3.2 Effect of Fertilizers on Available P
Results of Fig. 2. show that compared to treatment samples amended with organic fertilizer (bone meal) i.e., SBB and SBM, samples containing inorganic fertilizer (FSP) yielded more extractable P. For SBF, available P across the treatment samples averages 274.51 to 473.21 mg P kg-1 while SF averages 288.45 to 403.04 mg P kg-1. Compared to SBF, from organic fertilizer, SBB averages 233.16 to 245.05 mg P kg-1 while SBM averages 218.44 to 240.03 mg P kg-1. Such divergence between FSP and BM samples can be explained by lower readily plant-available phosphorus content of BM than mineral phosphate fertilizers (Naima 2015).
Fig. 2.
Fertilizer application rate with and without biochar for both inorganic and organic amendments. Error bars show the standard deviation for means of data calculated from averages of sample treatments by fertilization group over the incubation period. SBF- soil + biochar + fused superphosphate, SBB- soil + biochar + bone meal, SF – soil + fused superphosphate, + SBM- soil + bone meal.
Overall effect of fertilizer results shows that adding P fertilizers caused the enrichment of soil available phosphorus and that the values of inorganic fertilized samples is higher compared to the control and organic fertilizer samples, therefore agreeing with the study of Bridle and Pritchard (2004). The results with organic amendments did not show any significant difference from the controls and The results can be attributed to the short time the experiment was conducted therefore not being sufficient for the bone meal to have any significant effect on P availability as well as the issue of soil pH being high (Jeng et al. 2007).

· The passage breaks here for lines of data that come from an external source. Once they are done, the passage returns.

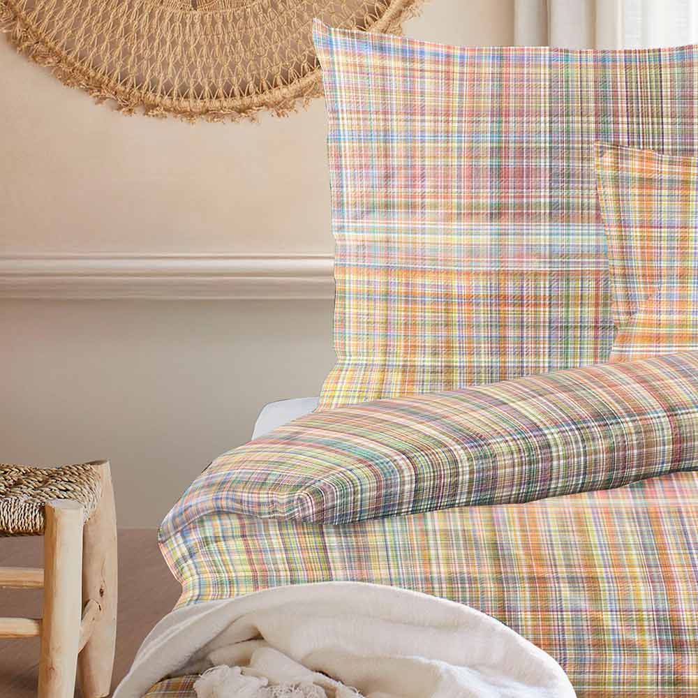 Die Irisette Bettwäsche WAVE 8693 bringt mit ihrer bunten Farbgestaltung Lebensfreude in Ihr Schlafzimmer. Das karierte Dessin sorgt für eine frische, moderne Atmosphäre und lässt sich vielseitig mit unterschiedlichen Einrichtungsstilen kombinieren. Gefertigt aus 100 % Baumwolle in hochwertiger Mako-Satin-Webart bietet die Bettwäsche eine besonders weiche und geschmeidige Haptik für erholsame Nächte. Praktisch im Alltag: Sie ist bei 60 °C waschbar und pflegeleicht, sodass Sauberkeit und Frische mühelos erhalten bleiben. Mit einer Größe von 155 cm x 220 cm für den Bettbezug und 80 cm x 80 cm für die Kissenhülle sowie einem komfortablen Reißverschluss gestaltet sich das Beziehen einfach und bequem.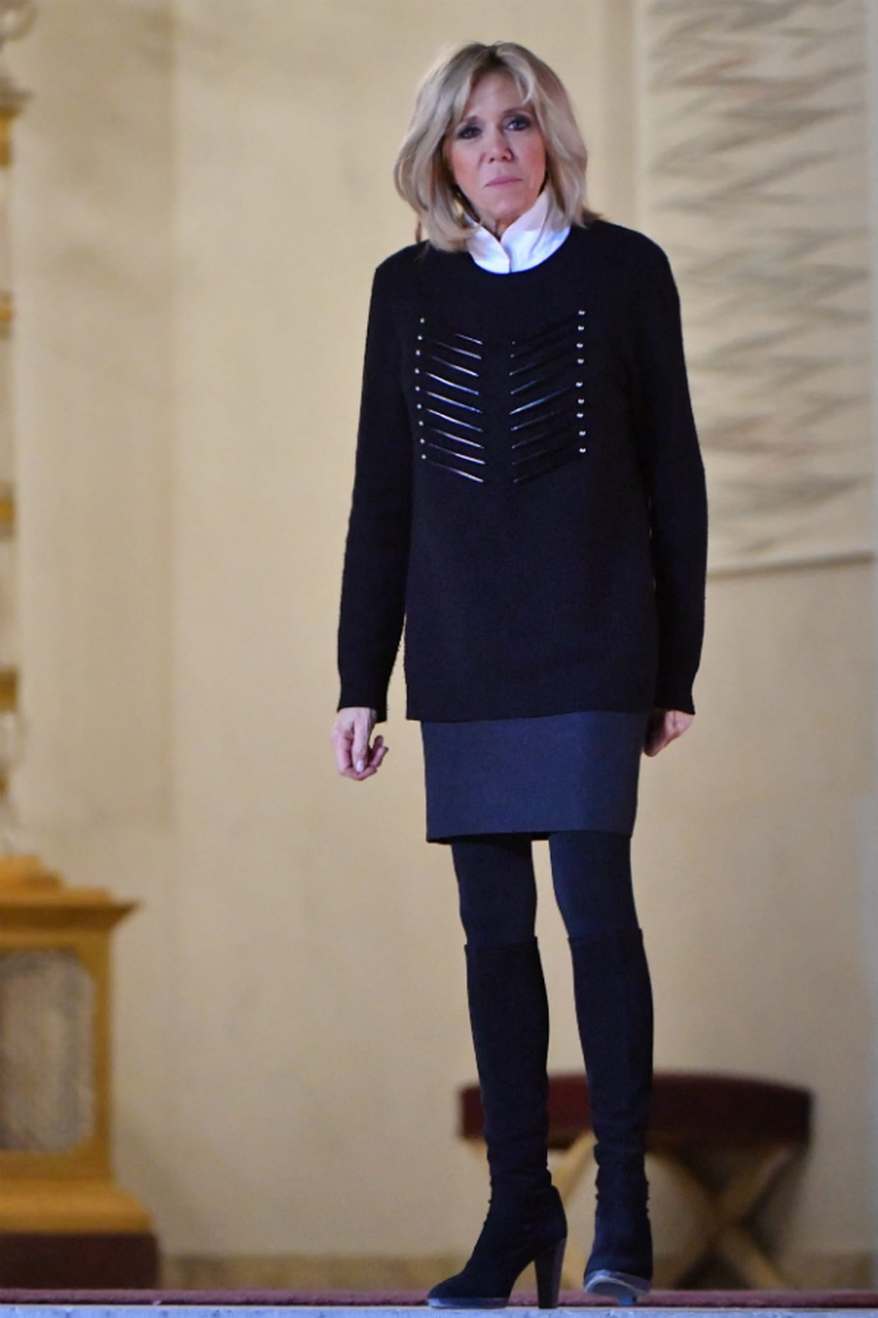 Brigitte Macron en jupe droite bleu marine Louis Vuitton et pull noir ajouré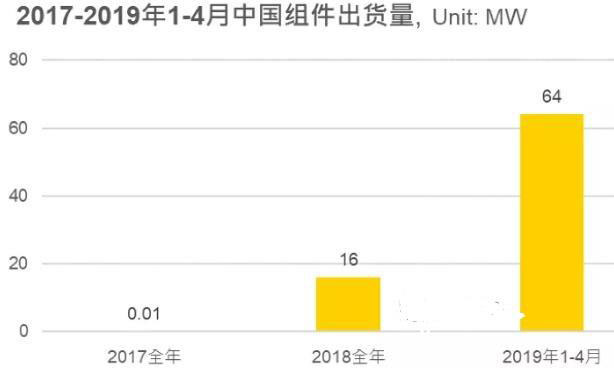 2019年一季度的組件出貨量已達到64MW,其組件需求可能大部分是用于KAT政策的剩余上網(wǎng)電價項目。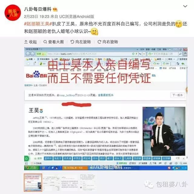 后来王昊被爆料其实是借着赵丽颖炒作,百度百科都是自己编的,公司利润是负的,甚至还是已婚,粉丝都炸了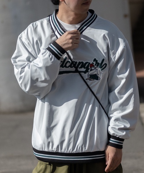 【Red Cap Girl/レッドキャップガール】 独特なタッチ,自然体で等身大の【Red Cap Girl】 タイトルの「レッドキャップ」をアイコンにしたユニセックスブランド。レトロ感あふれるオシャレな絵のタッチが魅力の商品です。 【デザイン・シルエット】 Red Cap Girlのスタジアムプルオーバーになります。 ポリタフタ素材のなめらかな肌触りと軽い着心地。 身幅を広めにとることで、トレンドのシルエットかつレイヤードのしやすいアイテムに。 ガールイラストとサガラ刺繍のロゴが可愛いデザイン。 首元、袖口がリブ仕様になっているのでストリートな雰囲気もプラス。 【コーディネート】 デニム、チノパンでカジュアルに、カーゴパンツやワイドパンツで旬な着こなしも。 ストリート、スケータースタイルはもちろん、古着MIXスタイルにもオススメです。 インナーも気温に合わせてTシャツ、シャツ、パーカーと合わせるアイテムを選びません。 ※トップス基準になります。 【厚み】薄い○●○○○厚い 【柔かさ】硬い○○○●○柔かい 【伸縮性】なし○○●○○あり 【透け感】なし●○○○○あり 【着丈】短い○○●○○長い 【身幅】細い○○●○○大きい 【ユニセックス】 メンズ、レディース問わずユニセックスで使える商品です。 カップルや夫婦でシェアして使えるのも嬉しいポイント。 【カラー展開】 ホワイト ブラック グリーン ブルー ▼JOHN'S CLOSET (ジョンズクローゼット)▼ アウトドア、スポーツ、ミュージック、アート、多彩な趣味を彩るファッション。 そのすべてのファッションがこのクローゼットに… その日、その時の気分で着れるようなファッションアイテムをご用意いたします。 No fashion, No life 〔お買い物をお楽しみいただく為に〕 ■商品のお気に入り登録 完売カラーの再入荷、セール情報、ラスト1点通知を受けとることができます。 ■ブランドお気に入り登録 新商品の入荷や、再入荷などお得な情報を受け取ることができます。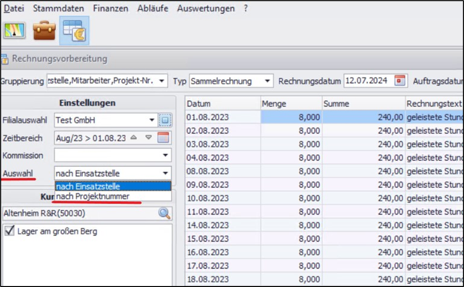 Damit die Projektnummer für Sie auf den Rechnungsformularen sichtbar wird, gehen Sie bitte in die Rechnungsvorbereitung (Menü – Abläufe – Rechnungsvorbereitung).

Results show that compared to all control, all levels of treatment under FSP i.e. SBF and SF, displayed a significant effect on available P. In samples SBF120 and SF120, available P amount were showed a significant difference compared to all other samples and recorded the highest amount, 473.21 and 403.04 mg P kg-1 respectively. In comparison, results from treatment samples containing bone meal with biochar were not significantly different from neither those of control nor with only bone meal amendment. The only sample that recorded a significant difference from control was SBB120. Samples containing 80 mg kg-1 for inorganic fertilization with and without biochar, SBF80 and SF80 recorded means that were not significantly different and the same applied for samples SBF40 and SF40. Furthermore, samples containing 80 mg kg-1 recorded even lower amount of available P in comparison to samples containing 40 mg kg-1. Results show that SBB40 and SBM40 had 233.16 and 218.44 mg P kg-1 respectively compared to SBB80 and SBM80, 225.39 and 204.64 mg P kg-1.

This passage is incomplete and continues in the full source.